Russia is within its legal rights to jail two Canadian Greenpeace activists, says UBC prof.
With renewed calls for Canada to help two Greenpeace activists imprisoned in Russia, Ian Townsend-Gault breaks down the legal situation.
How does the law interpret a case like this?
The fact that the incident happened in Russian waters really doesn’t change anything. If someone climbed onto a Canadian offshore oilrig without permission, we’d throw the book at them. The Russians are within their legal rights to charge the activists, who appear to be in the wrong, no matter how highly principled they are. Under Russian law, they trespassed the safety zone limits of an offshore installation. The Russians have the totality of rights within that violated zone to invoke their jurisdiction.

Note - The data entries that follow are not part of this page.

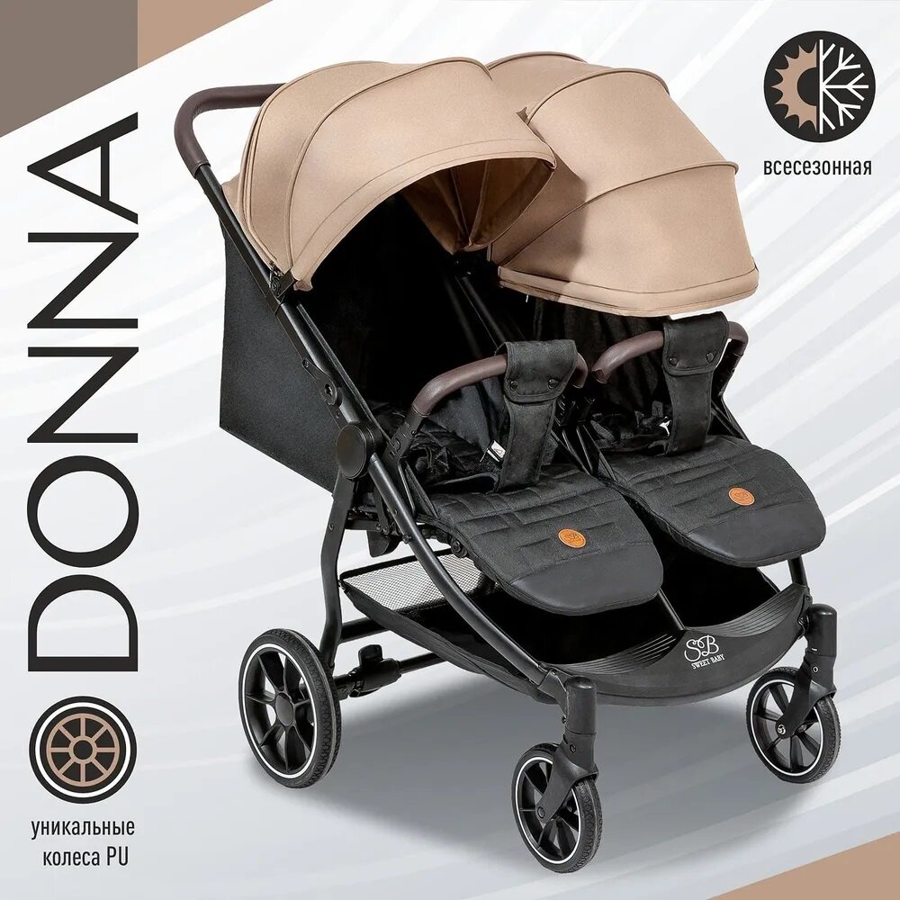 Прогулочная коляска для двойни Sweet Baby Donna, цвет Beige
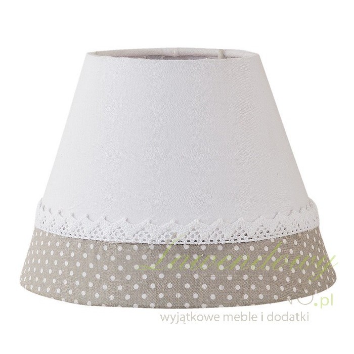 Biało-szary abażur prowansalski firmy Clayre & Eef z ozdobną koronką.
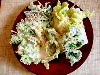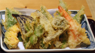 天ぷら盛り合わせ 1,300円 大葉、うどの葉、えび、 ヤマメ、かぼちゃ、なす |
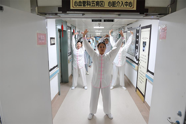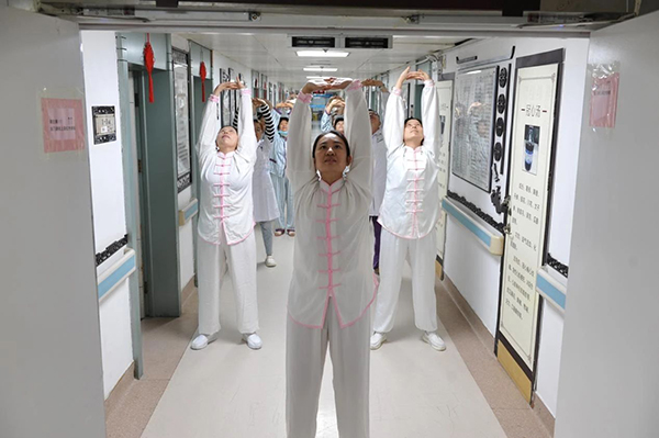 為了保證活動有序進行,科室制定了詳細的活動計劃和實施方案,包括活動時間、場地安排、示教人員排班、物品準(zhǔn)備、參加鍛煉患者的篩選以及活動應(yīng)急預(yù)案;顒觿傞_始也伴隨著阻力,很多患者表示質(zhì)疑,覺得沒什么作用,醫(yī)護人員對此采取多媒體播放、健康講座、現(xiàn)場教學(xué)等多種形式,循序漸進對患者進行引導(dǎo)。隨著活動的深入進行,每天下午鍛煉人數(shù)越來越多,大家從剛開始的動作不規(guī)范、不統(tǒng)一、不熟練到動作柔和圓滑、剛?cè)岵?在病區(qū)形成了一道獨特的風(fēng)景線。很多患者紛紛表示每天練習(xí)十分鐘,身體得到了科學(xué)的鍛煉,還很好地緩解了住院期間煩悶的心情。
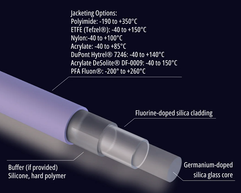 Armadillo提供多种特种光纤,覆盖350nm至2400nm的宽广光谱。其石英光纤系列(硬质聚合物包层石英光纤,硅包层石英光纤,掺锗石英光纤)具备0.37至0.57的大数值孔径。此外,公司还提供适用于400nm-700nm可见光波段的硼硅酸盐光纤,其标准数值孔径范围为0.22-0.57,特殊定制型号NA可达0.87,纤芯直径可在25-100μm之间选择。大数值孔径光纤适用于照明、医疗、光谱学等不同应用。
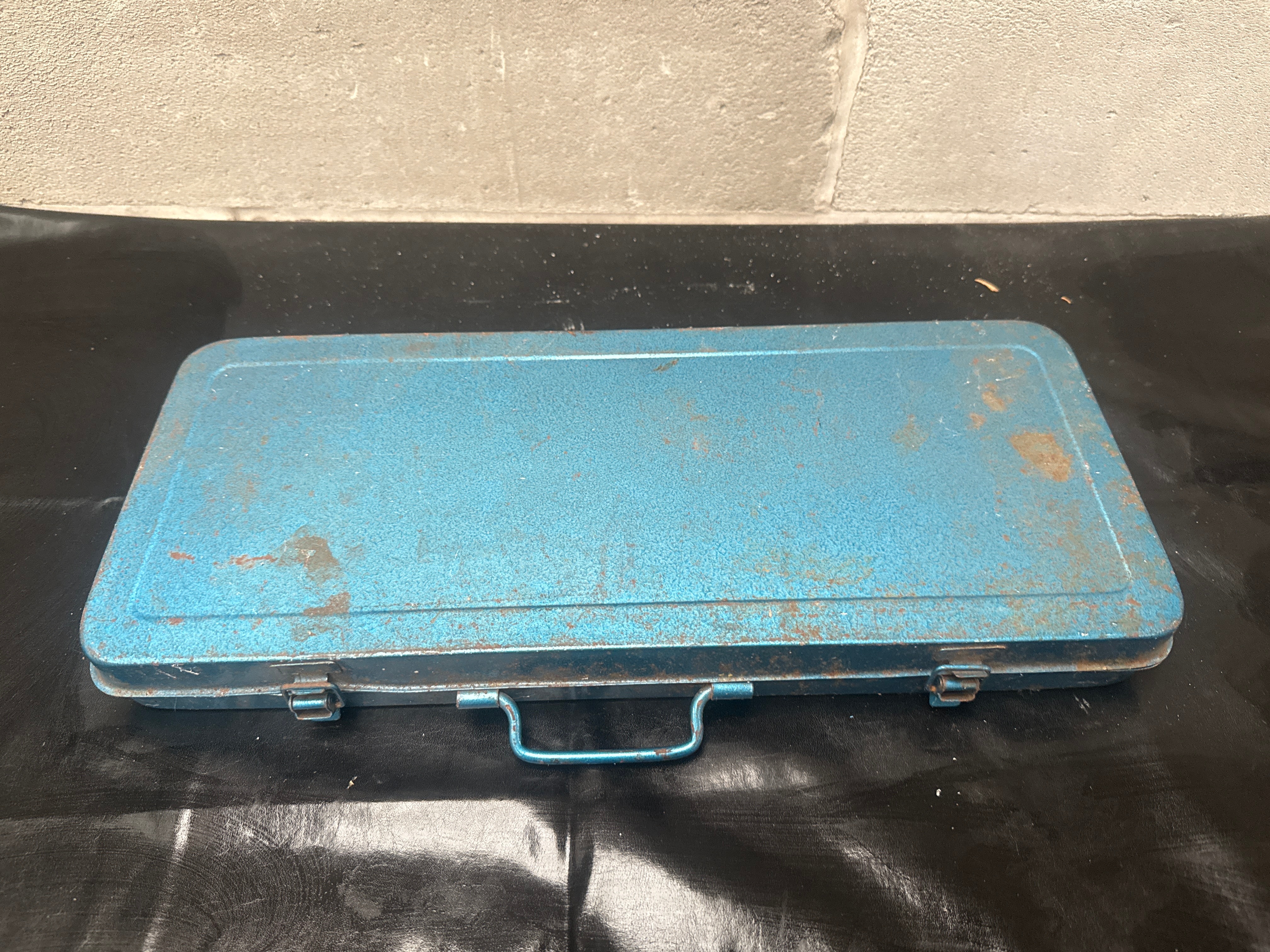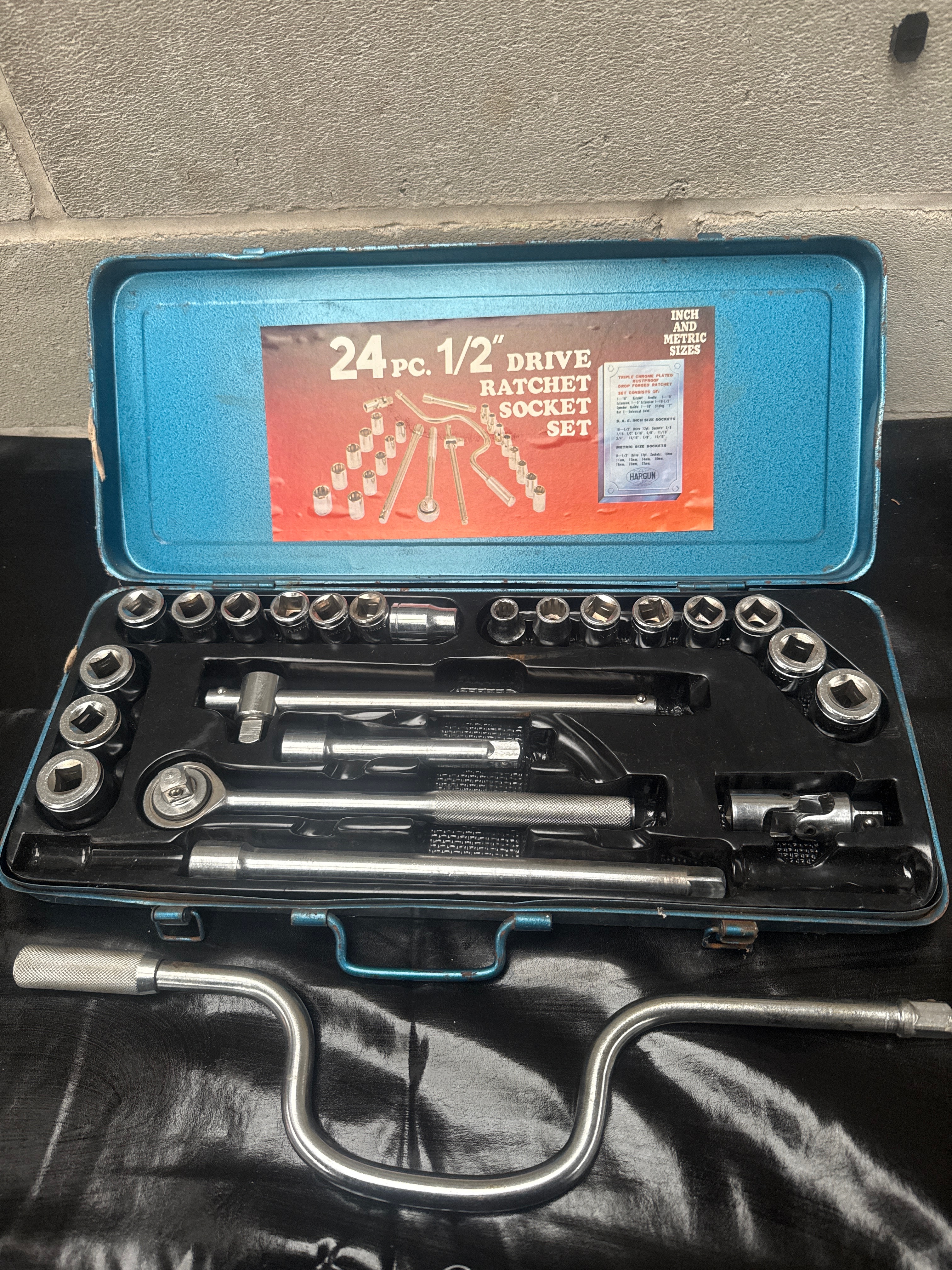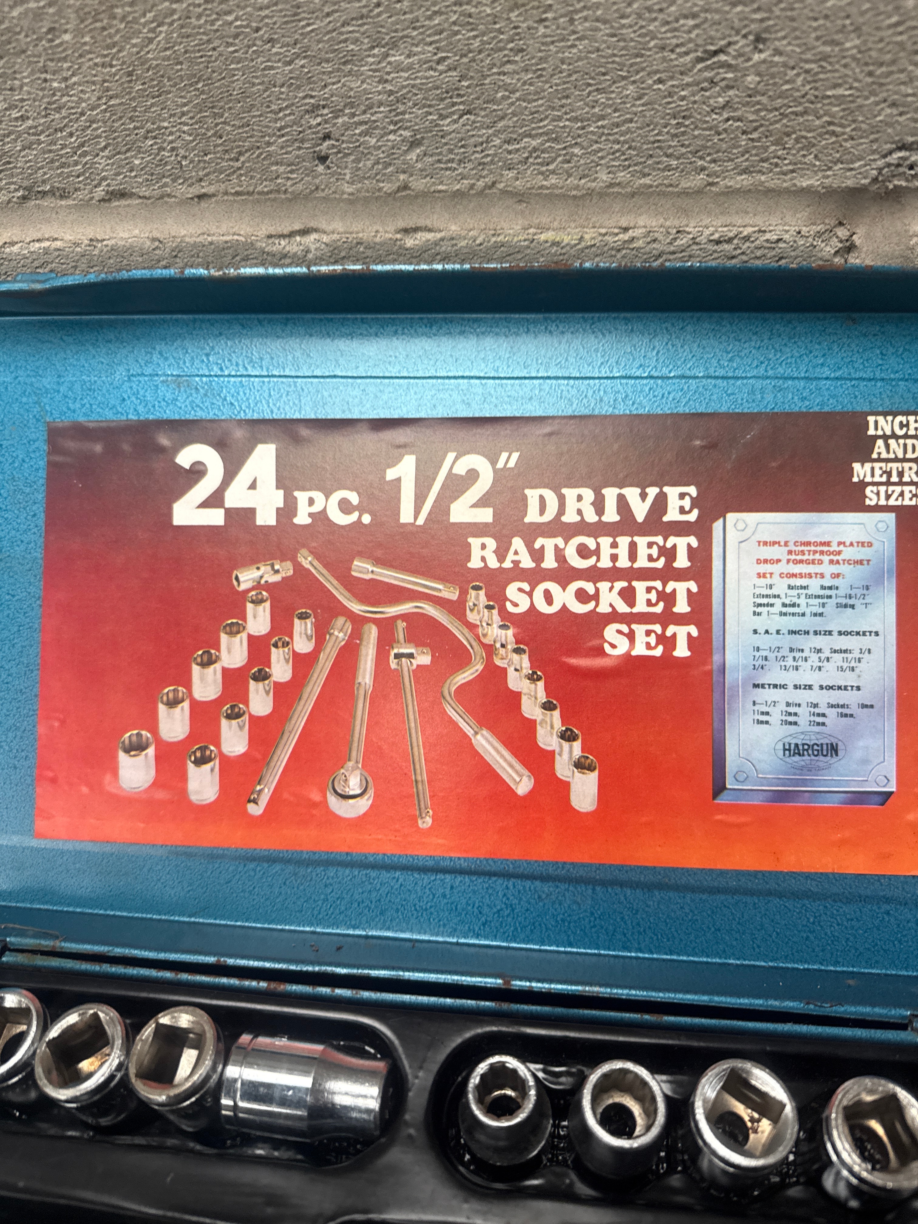 A HARGUN 24-piece 1/2-inch drive ratchet and socket set. The set includes a range of chrome-plated metal tools, including a ratchet, extensions, T-handle, and universal joint, alongside both SAE (inch) and Metric sized 12-point sockets. The tools are specified as ‘TRIPLE CHROME PLATED DROP FORGED’. Presented in its original blue painted metal case, the tools are neatly organized within a molded plastic tray. Two additional chrome-plated metal tool handles, possibly a speeder bar and another extension, are visible outside the opened case. The set appears to be from the mid-to-late 20th century.

When would the Canadian government have the legal right to intervene, if at all?
Canada can really only intervene when there’s proof that there’s been a clear violation of an international legal standard. This would only take place if the men were tried, convicted and the sentence was outrageous. The knee-jerk reaction that we must do something is countered by the fact that there has been a real breach of Russia’s right to protect its installations. When the families call for the government to intervene, the reality is that their family members are jumping the gun, maybe because it’s Russia.
How legitimate are the charges the two men face and the maximum sentence of seven years in jail?
Seven years is wholly excessive. Armed robbers get less than that. Many things about the Russian legal system are repugnant, and full of heavy-handed tactics. But the Russians do have a right to run their country the way they want. As for the charges of hooliganism, many legal systems around the world have similar charges in place, which cover a vague breach of the peace. They are intentionally ambiguous.
Ian Townsend-Gault is an associate professor of law and director of UBC’s Southeast Asian Legal Studies.